The announcement came as the health of the nation’s big banks — Wells is number four on that list, by the way — it remains the topic of much speculation. How bad are their bad assets? How much more bailing out out might it take to make them healthy? And for Wells Fargo, where the heck did they get all that money? Marketplace’s Jeremy Hobson reports from New York.


JEREMY HOBSON: You can’t talk about Wells Fargo without talking about Wachovia.

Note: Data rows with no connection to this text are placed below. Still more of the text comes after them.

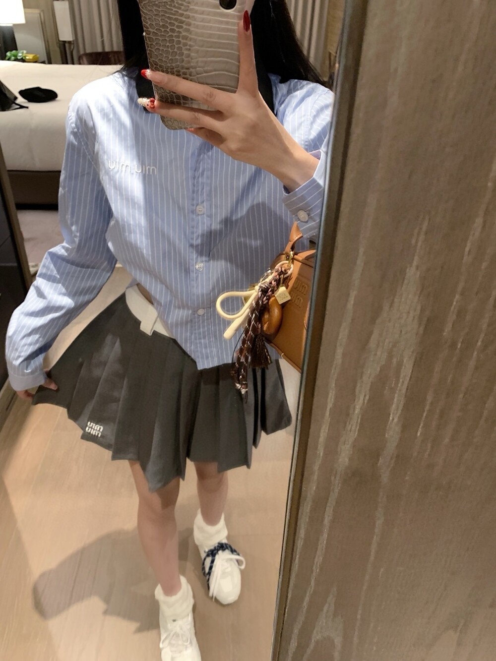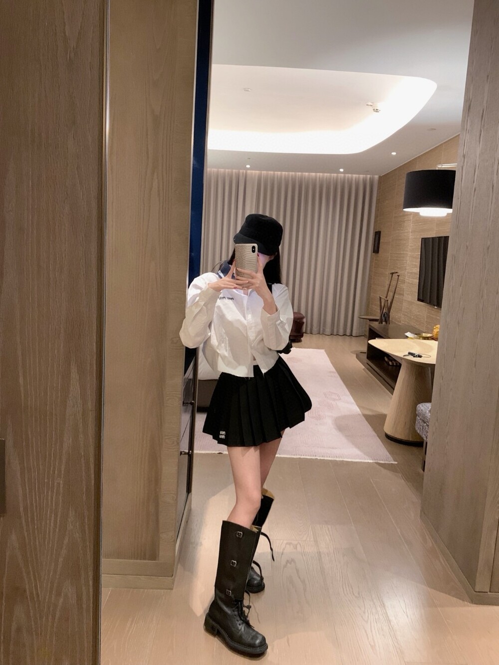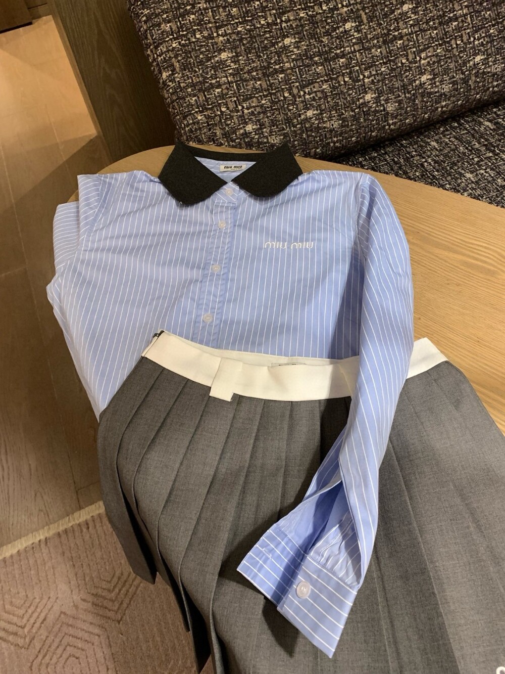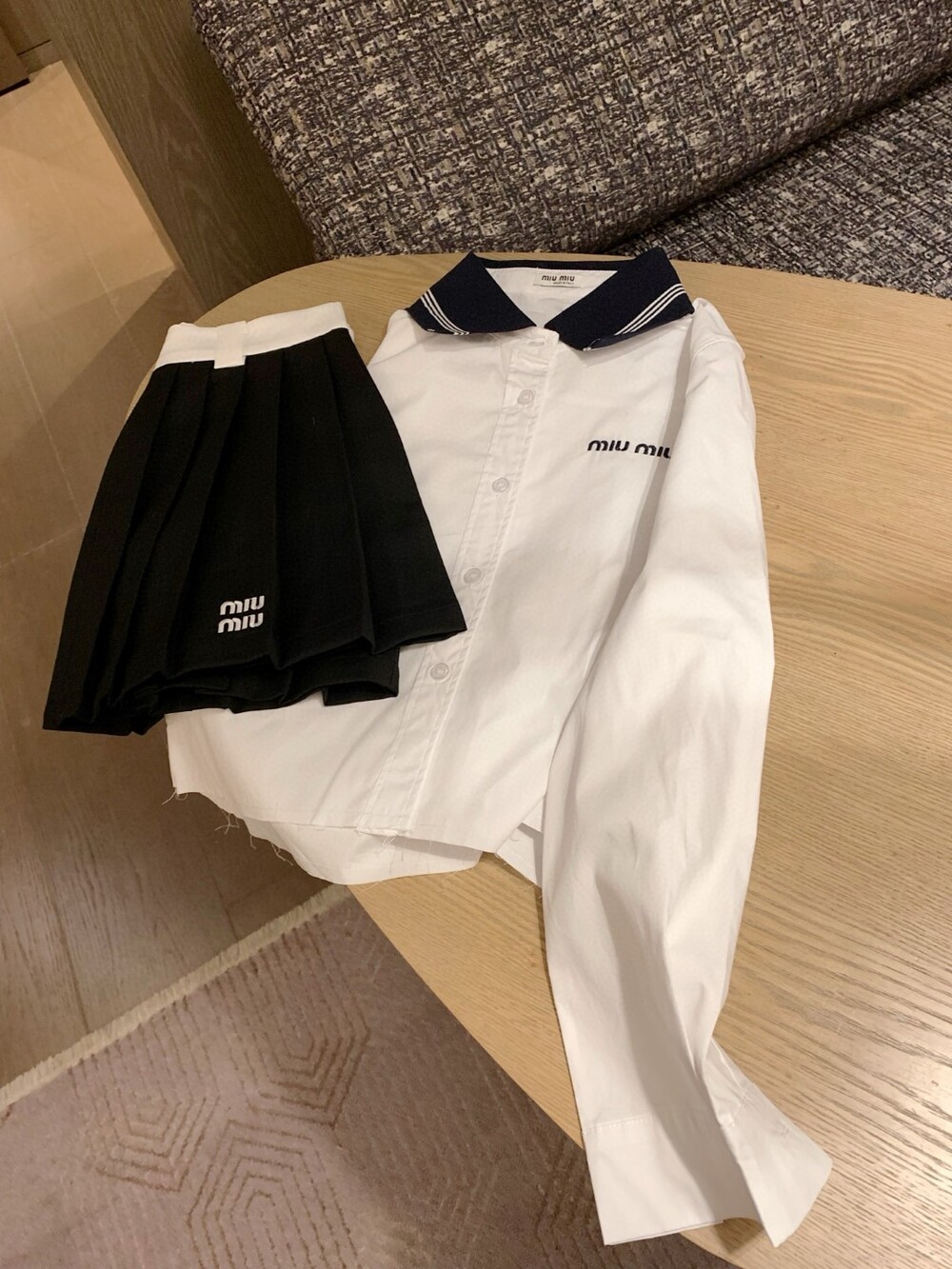 E. 뮤뮤 로고 반팔 팬츠 세트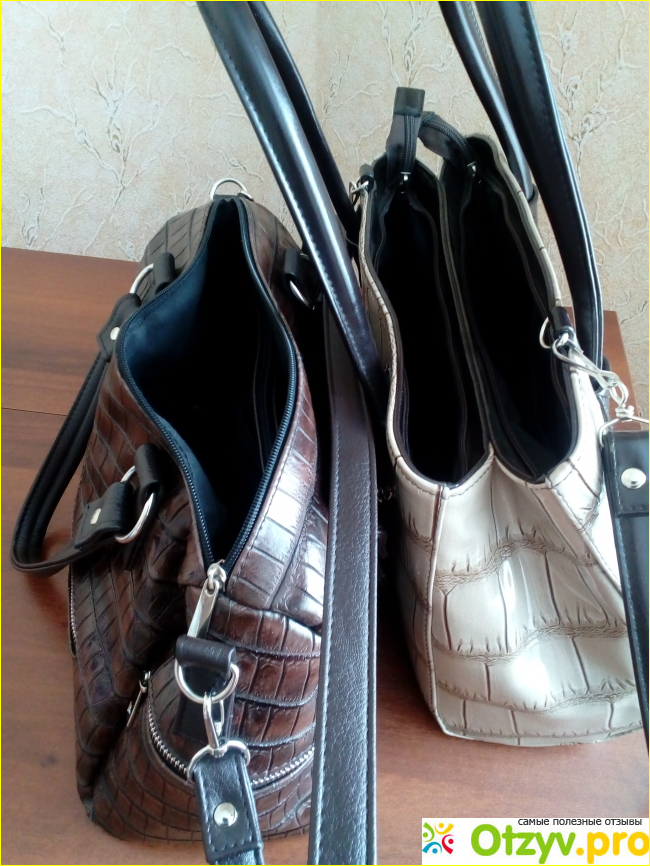 Все сумки, которые я приобрела у данного производителя, классического делового стиля, плотные каркасные, с ручками высотой 17 см. У коричневой сверху четыре отделения на молниях, три из которых смотрятся стильно именно благодаря металлическим замкам.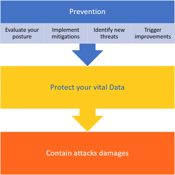 Being able to identify new threats and triggering improvements for the protection of the data vital to your organization will help you containing the damages of attacks.

Wells bought Wachovia late last year and picked up its extensive base of East Coast bank branches and consumer deposits. Celent Banking Analyst Bart Narter says all that consumer cash in low-interest accounts is coming in very handy.

BART NARTER: They’ve got a lot of deposits, a lot of those deposits are very low cost, and they can lend out those deposits and make a very nice interest spread.

Wells is lending out the money in part for new mortgages. Banking expert Nancy Bush at NAB Research says the first quarter results also include a flood of big business deals.
Deals that had idled in frozen credit markets in the fourth quarter. But, Bush says…

NANCY BUSH: The capital markets’ riches that are getting pushed into the first quarter may not persist through the rest of the year, and I think it’s unlikely that they’ll persist into the rest of the year.

There’s another thing Wells watchers say is helping right now. When Wells bought Wachovia, it marked down the toxic assets on Wachovia’s balance sheet. And many of its own as well. So, as Celent’s Bart Narter says…

NARTER: They’ve taken their medicine and now they’re moving forward.

But it’s not clear the rest of the nation’s big banks are moving forward with them.
Matthew Warren manages the bank research team at Morningstar.

MATTHEW WARREN: Watch for Bank of America and Citigroup’s earnings. Those are some of the bigger banks that have more troubles and trickier exposures. So if you want to make judgments about the broader system, I’d wait and see how that shakes out.

In fact, analysts say Wells Fargo has benefited from uncertainty about its competition, as more and more consumers opt for the safety of that old stagecoach.

In New York, I’m Jeremy Hobson for Marketplace.